FIG. 6 depicts an example of a replica table stored in the replica table storage unit 111. In the example of FIG. 6, the IDs of objects and the IDs of replica servers for the objects are stored. In the example of FIG. 6, a server having the replica table illustrated in FIG. 6 stores the master of an object with an ID of AAA, the master of an object with an ID of BBB, and the master of an object with an ID of CCC. Then, the server B stores a replica of the object with the ID of AAA, the server C stores a replica of the object with the ID of BBB, and the server B stores a replica of the object with the ID of CCC.

Next, in conjunction with FIG. 7 to FIG. 20, operations of a server in the present embodiment will be described. First, a server (which may be any of the servers A to C here) receives a message.

FIG. 8 depicts an example of a message. The message includes a communication header section and a communication data section. The communication header section includes a transmission source address and a transmission destination address. The communication data section includes a message type, the ID of an object, and the object. The communication data section is referred to as an object operation message. The object operation message includes a header part and a data part. The header part of the object operation message includes the message type and the object ID. The data part of the object operation message includes the object. On the occasion of transfer of a message, the transmission source address and the transmission destination address are replaced.

The server identifies the type of a message using a “message type” included in a received message (FIG. 7: S1) and determines whether the type of the received message is a save request (S3). The save request is a message requesting that an object be saved.

If it is determined that the type of the received message is a save request (S3: Yes route), the save processing unit 101 of the server executes a save process (S5). The save process will be described in detail below.

If it is determined that the type of the received message is not a save request (S3: No route), the server determines whether or not the type of the received message is a reference request (S7). The reference request is a message requesting that an object be referred to.

If it is determined that the type of the received message is a reference request (S7: Yes route), the reference unit 103 of the server executes a reference process (S9).

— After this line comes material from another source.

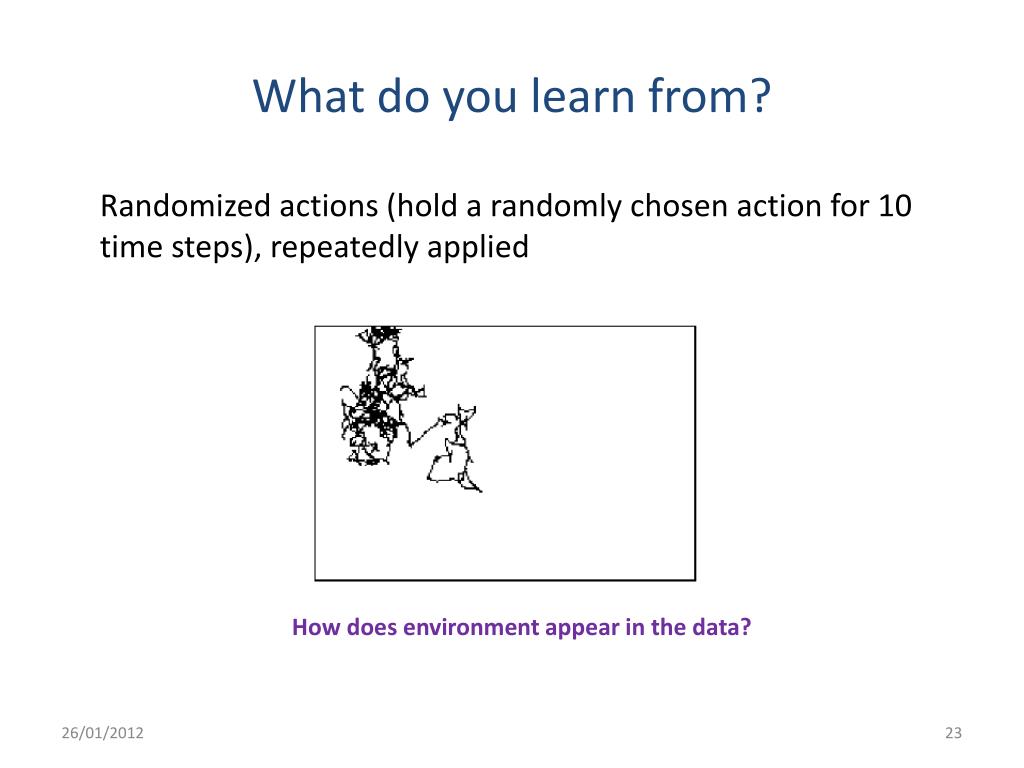 What do you learn from? Randomized actions (hold a randomly chosen action for 10 time steps), repeatedly applied How does environment appear in the data?

The reference process will be described in detail below.

If it is determined that the type of the received message is not a reference request (S7: No route), the server determines whether or not the type of the received message is an update request (S11). The update request is a message requesting that an object be updated.

If it is determined that the type of the received message is an update request (S11: Yes route), the update unit 105 of the server executes an update process (S13). The update process will be described in detail below.

If it is determined that the type of the received message is not an update request (S11: No route), the server determines whether or not the type of the received message is a delete request (S15). The delete request is a message requesting that an object be deleted.

If it is determined that the type of the received message is a delete request (S15: Yes route), the deletion unit 107 of the server executes a deletion process (S17). The deletion process will be described in detail below.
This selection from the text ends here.